Nellie Gray was resourceful, quick-witted, and had more nerve than most men. Also, she was utterly reckless in her bitter desire to bring her father’s murderer to justice. With that murder still fresh in her mind, she had felt that she didn’t care much whether she lived on or not.
But with all that, she was pretty pale now as she let herself realize just what a spot she had put herself into when she used herself as live bait for the gang.
She was in an old house somewhere on flat land, for although she had made the last of an hour’s trip with a bandage over her eyes, she had noted that the car moved without the rise or fall of hills. Near the sea, she had decided.
There were other houses near here, because she had heard children playing within five minutes of the car’s stop. But there were no neighbors within a block or so, she thought, because all she could see when she looked out the windows was trees.
This was a major hangout of the gang’s. That was apparent because so many men with old eyes in young faces, and with the bulges of guns at their armpits, were around. She had counted eight different men, coming and going, altogether.
But the four who had been in the car with her didn’t come or go. They stayed in the same big, bare first-floor room where she sat on a kitchen chair. They were the nucleus of the crew, evidently. And the black-haired man in the black suit was obviously the leader.
This one came toward her now, moving with a mincing, dandyish gait, and smiling too widely.
“Why don’t you tell us what we want to know?” he said. “Where’s the plate we thought was at Knight’s joint?”
Nellie said nothing. She looked around out of innocent, frightened-appearing gray eyes.
There was a man lounging in the hall doorway of the old living room. There were the two who looked like brothers leaning against the wall near her chair. And there was this smooth-spoken man with the shiny black hair and eyes, who was smiling at her like a cat about to eat a songbird.
She wasn’t tied in her chair. They hadn’t bothered to do that. Why tie one lone girl—particularly one who looked as small and soft and harmless as this one?
Which was an unarmed state of mind that Nellie had counted on when she hatched this mad scheme.
“Come on, talk!” barked the black-eyed man, losing his smile.
Nellie looked more scared to death than ever. But she tensed a little in the chair.
She had seen every member of the gang who counted. She could recognize them surely in a line-up.
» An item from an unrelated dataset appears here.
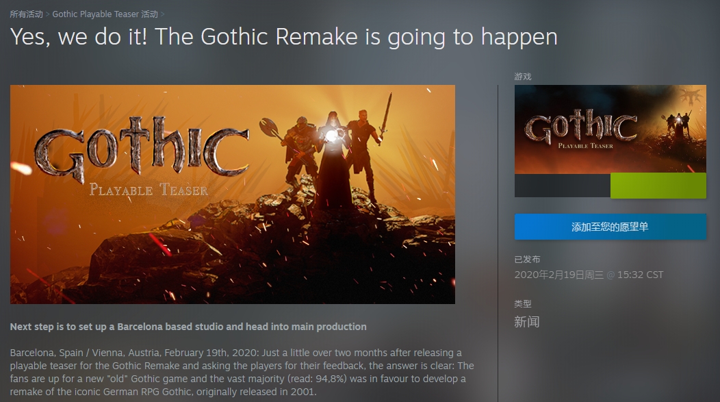 随着魔兽世界一波怀旧服的回忆杀,各大游戏厂商纷纷效仿此法。许多单机和老作的怀旧重制版也开始加速。了THQ Nordic于2019年12月14日在steam商城上架了一款名为《哥特王朝:试水版》的游戏,免费赠送给所有拥有系列游戏之一或Piranha Bytes开发任一游戏的玩家,来为系列新作探路。

She knew where to direct the police for a raid that should bag the lot of them.
Now all she had to do was escape.
“Did Knight have one of those bricks, or didn’t he?” snapped the black-eyed man. “We went back to his place later, and saw where a board in the bathroom had been pried up. Was the thing under that board? If so, who took it? The white-haired guy?”
“I don’t know a thing,” said Nellie, voice small and meek.
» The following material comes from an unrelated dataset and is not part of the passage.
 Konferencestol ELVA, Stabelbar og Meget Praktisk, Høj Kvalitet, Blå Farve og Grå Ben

“Yahh! Talk sense. You couldn’t help but know if the white-headed guy had it. You’ve been in his joint for over a day. Where’s he keep it?”
Nellie only shook her head, dainty body drooping, eyes wide and appealing.
The man stepped up within reach of her and drew his hand back to strike.
“Talk—or I’ll give you a crack!”
“Really, there’s nothing I can say—”
The other three men were watching with callous and expectant grins on their faces. The room was very still.
The black-eyed man’s hand lashed out to give the helpless girl an open-handed slap.
It was what Nellie had been waiting for.
Like light, her own tapering small hand flashed forward. Her fingers, so deceptively fragile-looking, closed on the black-eyed man’s wrist in a grip that brought a yelp of astonishment to this thin lips.
Nellie jerked forward and down, at the same time swinging like a figure in a lightning dance, to the right of her chair. The black-eyed man kept on coming, head down and helpless.
His head hit the chair back and he fell in a hopeless tangle with the thing.
Nellie was at the door, slim body moving like that of a whirling dervish. She didn’t think they’d shoot, because of the noise and the fact that they wanted information from her. But she took no chances.
Her slender figure seemed to be all over the place in a zigzag line as she went toward the door, where the man with the reddish hair had been lounging. He was positively gaping at her.